Methamphetamine has raised concerns because it may be neurotoxic to the human brain. Although prior work has focused primarily on the effects of methamphetamine on dopamine cells, there is evidence that other neuronal types are affected. The authors measured regional brain glucose metabolism, which serves as a marker of brain function, to assess if there is evidence of functional changes in methamphetamine abusers in regions other than those innervated by dopamine cells.


Fifteen detoxified methamphetamine abusers and 21 comparison subjects underwent positron emission tomography following administration of [(18)F]fluorodeoxyglucose.


Whole brain metabolism in the methamphetamine abusers was 14% higher than that of comparison subjects; the differences were most accentuated in the parietal cortex (20%). After normalization for whole brain metabolism, methamphetamine abusers exhibited significantly lower metabolism in the thalamus (17% difference) and striatum (where the differences were larger for the caudate [12%] than for the putamen [6%]). Statistical parametric mapping analyses corroborated these findings, revealing higher metabolism in the parietal cortex and lower metabolism in the thalamus and striatum of methamphetamine abusers.

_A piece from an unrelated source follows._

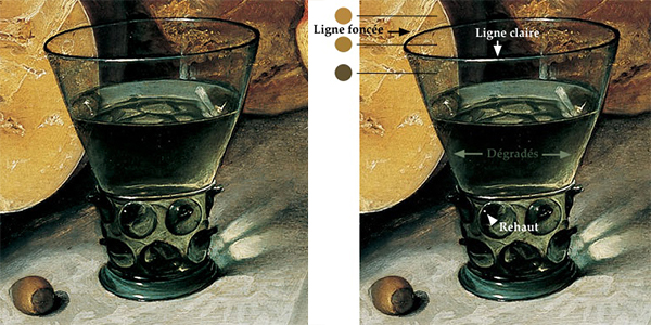 Parfois, une simple ligne dans une zone de même teinte, et tout le relief apparaît: devant le fromage la ligne qui représente l’ouverture du verre est foncée, tandis que juste en face du spectateur, elle est claire. Le fromage est légèrement plus foncé quand il apparaît derrière une épaisseur de verre, et plus verdâtre derrière deux épaisseurs.

The fact that the parietal cortex is a region devoid of any significant dopaminergic innervation suggests that the higher metabolism seen in this region in the methamphetamine abusers is the result of methamphetamine effects in circuits other than those modulated by dopamine. In addition, the lower metabolism in the striatum and thalamus (major outputs of dopamine signals into the cortex) is likely to reflect the functional consequence of methamphetamine in dopaminergic circuits. These results provide evidence that, in humans, methamphetamine abuse results in changes in function of dopamine- and nondopamine-innervated brain regions.